How can I compute $\int_{-\infty}^\infty I(t) \lambda (dt)$ and $\int_{-\infty}^\infty I^2(t) \lambda (dt)$?

Question

The Question is,

Compute $E(X)$, $E(X^2)$ and $Var(X)$, where the law of X is given by

$L(X)= {1 \over 2} \delta_1 + {1\over 2} \lambda$, where $\lambda$ is Lebesgue measure on $[0,1]$.

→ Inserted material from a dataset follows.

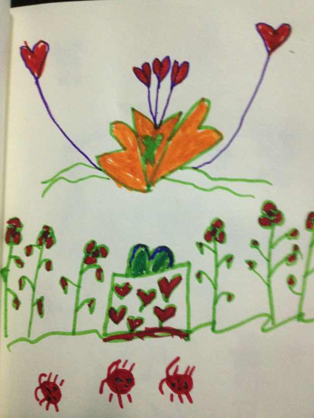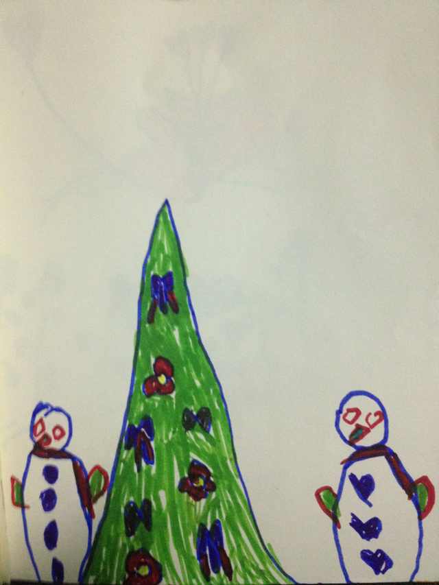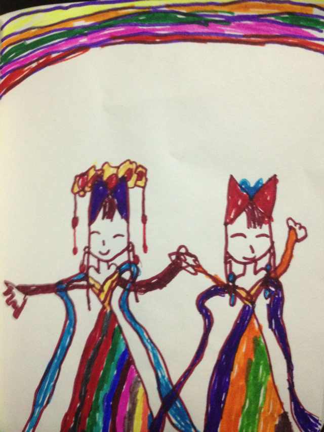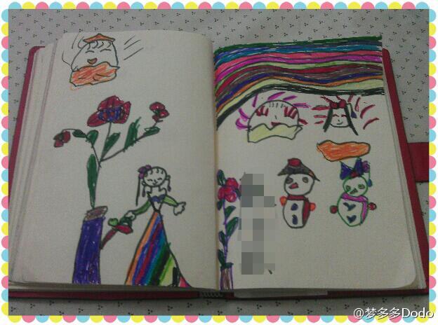 真正跟她接触是第二天出发前,她到我们房里来。那时候我和另一个志愿者小不点还没起床(羞愧一个先),她就一个人乖乖地坐在电脑前看动画片,也不吵,也不闹。过了一会,她跟我说想画画。我就找了个本子给她。她趴在那里,一笔一划认真地开始涂绘。我和小不点就管自己整理房间,当时心里的想法是,这孩子太乖了,根本不用人管嘛。整理到一半,往本子上一瞥,震惊了。孩子画了一个彩色的天空,一层一层的,非常漂亮。然后她又在下面画了两个小雪人,一个太阳公主,一个太阳王子。小不点看了自愧不如,我们都被孩子的艺术创造能力震撼了。都说孩子是天生的绘画家,我想,蒙蒙可能就是一个吧。

The Solution is, when $I(t)=t$,

$E_P(X)= {1 \over 2} \int_{-\infty}^\infty I(t) \delta_1 (dt) + {1 \over 2} \int_{-\infty}^\infty I(t) \lambda (dt)= {1 \over 2}(1) + {1\over2}({1\over2})={3\over4}$

$E_P(X^2)={1 \over 2} \int_{-\infty}^\infty I^2(t) \delta_1 (dt) + {1 \over 2} \int_{-\infty}^\infty I^2(t) \lambda (dt)= {1 \over 2}(1) + {1\over2}({1\over 3})={2\over3}$

$Var(X)=E_P(X^2)-E_P^2(X)={5 \over 48}$

But the solution is above my head.

How can I compute $\int_{-\infty}^\infty I(t) \lambda (dt)$ and $\int_{-\infty}^\infty I^2(t) \lambda (dt)$?

Answer 1

This is a consequence of the fundamental theorem of calculus, see https://en.wikipedia.org/wiki/Fundamental_theorem_of_calculus#Formal_statements

$$\int_{-\infty}^\infty I(t)\lambda(dt) = \int_0^1t\, dt=\left[\frac{1}{2}t^2\right]^1_0=\frac{1}{2}.$$

Just remember to insert the definitions of $I(t)$ and $\lambda$ and you obtain a Riemannian integral.

Answer 2

Here what you call "the Lebesguemeasure on $[0,1]$" is actually the measure prescribed by $A\mapsto\lambda (A\cap[0,1])$ where $\lambda$ denotes the Lebesguemeasure.

Then: $$\mathsf Ef(X)=\frac12\int f(t)\delta_1(dt)+\frac12\int f(t)\lambda(dt)=\frac12f(1)+\frac12\int_{[0,1]} f(t)dt$$

Can you find $\int_{[0,1]} tdt$ and $\int_{[0,1]} t^2dt$ yourself?